After an encouraging summer 2021 pilot project, it was initially hoped that the public shuttle service would be operational on weekends as early as this summer. However, an initial call for tenders earlier this year resulted in no bids, and a second call resulted in a single private contract which “did not even reach the level of public consultation,” as Mayor Louis Villeneuve explained at the council meeting. “The costs kept rising and it eventually made no sense,” he said. He added that the bus service will be “the spinal cord and the nerve centre” of the larger transit system, which will be “adapted to the needs of residents of rural and semi-rural communities like our own.”

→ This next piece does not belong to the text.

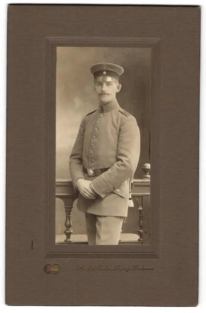 Fotografie Adolph Richter, Leipzig, Gutsmuths Str. 17, Soldat in Uniform mit Schirmmütze u. Oberlippenbart
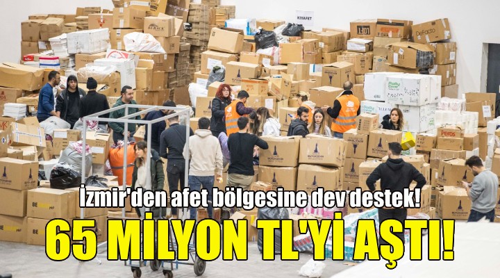 Depremzedelerin ihtiyac? olan insani yard?m malzemelerinin yard?mseverler taraf?ndan sat?n al?nmas?n? sa?layan “umuthareketi.izmir.bel.tr” 47 milyon 893 bin 630 lira yard?m yap?ld?. Depremde evini kaybetmi? yurtta?lar ile kira deste?i vermek veya bo? durumdaki evini kullan?ma açmak isteyen ki?ileri bulu?turan “birkirabiryuva.org” ile ise 17 milyon 390 bin liral?k katk? sa?land?. Kampanyayla bin 126 ki?i kira deste?i verece?ini, 580 ki?i evini payla?aca??n? beyan etti. Yard?mlar?n toplam miktar? 65 milyon 283 bin 630 liraya ula?t?. Gaziemir Fuar ?zmir, Kültürpark Celal Atik Spor Salonu ile Çankaya'daki AP?KAM'?n bahçesinde yurtta?lardan gelen insani yard?m malzemelerinin paketlenme ve yükleme çal??malar? sürüyor.

Pierre Vinet is a volunteer member of the city’s sustainable mobility committee, which has been deeply involved in the planning of the project. He said the new call for tenders “would have an impact on the timeline and launch date [of the bus service] but delaying the project for a few months is not a catastrophe.”
Vinet said previous calls for tenders ran up against difficulties caused by the labour shortage and by uncertainty around a provincial subsidy for electric vehicles. “We were waiting for a new [provincial] subsidy for electric buses, and when we didn’t have any news of it, we decided to put out a one-year call for tenders [while we waited],” said Vinet. “Transporters decided that was too short-term,” Vinet said. In late April, the provincial transport ministry announced the Ecobus subsidy program, which will assist municipalities like Bromont which are developing transit systems with electric buses.
The MRC is expected to meet and approve a call for tenders in mid-August, for transporters willing to operate the fixed-loop shuttle service for a five-year period. The winning bid will be subject to approval by city council. Vinet said the winner might be known as early as October, with the first riders boarding buses shortly after the winter holidays.
Vinet previously told the BCN that the next phase of MOBI would involve a taxi-on-demand service similar to the one in Cowansville, scheduled to begin in late 2022, followed by a commuter transport service in collaboration with major employers and a car-sharing program. He said the delayed bus service rollout may cause slight delays in the rollout of the other elements of the program.
At the Aug. 8 council meeting, members also asked the MRC to carry out a demand simulation for the future taxi-on-demand service. The simulation “will allow the city, in collaboration with the MRC, to evaluate the financial impact of on-demand transit,” said Villeneuve.
The city also intends to hold a public consultation about the transit project – most likely in September, according to Vinet.
“The communication on this project has maybe not been perfect up to this point,” Villeneuve said. “We’re not going to go ahead with a project that citizens don’t want.”